The nature of the crust beneath the Rockall Trough has long been a matter of debate. Originally thought to be oceanic crust, it is now generally considered to be highly stretched continental crust. However, some groups of researchers continue to favour either oceanic or transitional style crust, particularly at the southern end of the basin.

The Rockall Basin forms part of a chain of highly extended Mesozoic rift basins between the Charlie–Gibbs and Senja fracture zones. It includes: the Faroe-Shetland Basin, the Møre Basin, and the Vøring Basin. There are indications that the Rockall Basin developed within an earlier rift system, which is likely to be of Triassic to Middle Jurassic in age, by analogy with the nearby Slyne-Erris Basins. The age of the main rift phase in the Rockall Basin is strongly debated, with Late Jurassic, Early-, Mid- and Late Cretaceous all being suggested.

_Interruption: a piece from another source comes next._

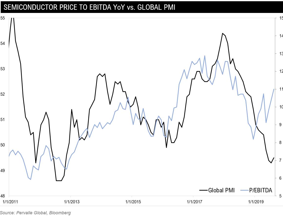 Where should we trade? Based on the historical relationship between P/EBITDA and the global PMI -- roughly 7x vs. 11x currently. This is a 36% haircut.

During the Jurassic period, the Rockall Basin formed a seaway between the emergent Rockall-Hatton landmass (equivalent to the modern submerged Rockall Bank) and the emergent Hebrides Platform (comprising the modern Outer Hebrides).

One of the features of the Rockall Basin is the Anton Dohrn Seamount. It lies 600 m beneath the surface, rising 1500 m from the surrounding seabed. The Rockall Plateau finished forming approximately 55 million years ago, a continental block that lies between Greenland and Europe when the ancient continent of Laurasia was split apart by prolonged rifting. The Rockall islet is the highest point of the plateau, rising 17.15 m above sea level. It is made of a type of peralkaline granite.

===Economic geology===
To date, there has been comparatively little drilling to explore for oil and gas within the Rockall Basin and only two discoveries have been made: Benbecula in the northern UK Rockall (Shell originally Enterprise Oil) and Dooish in the northern Irish Rockall (Shell originally Enterprise Energy Ireland). The discoveries show that, at least locally, there is a working petroleum system. Rights to exploit these resources are disputed between the United Kingdom, Ireland, Iceland and the Faroe Islands (a possession of Denmark). This topic is addressed in Rockall Bank dispute.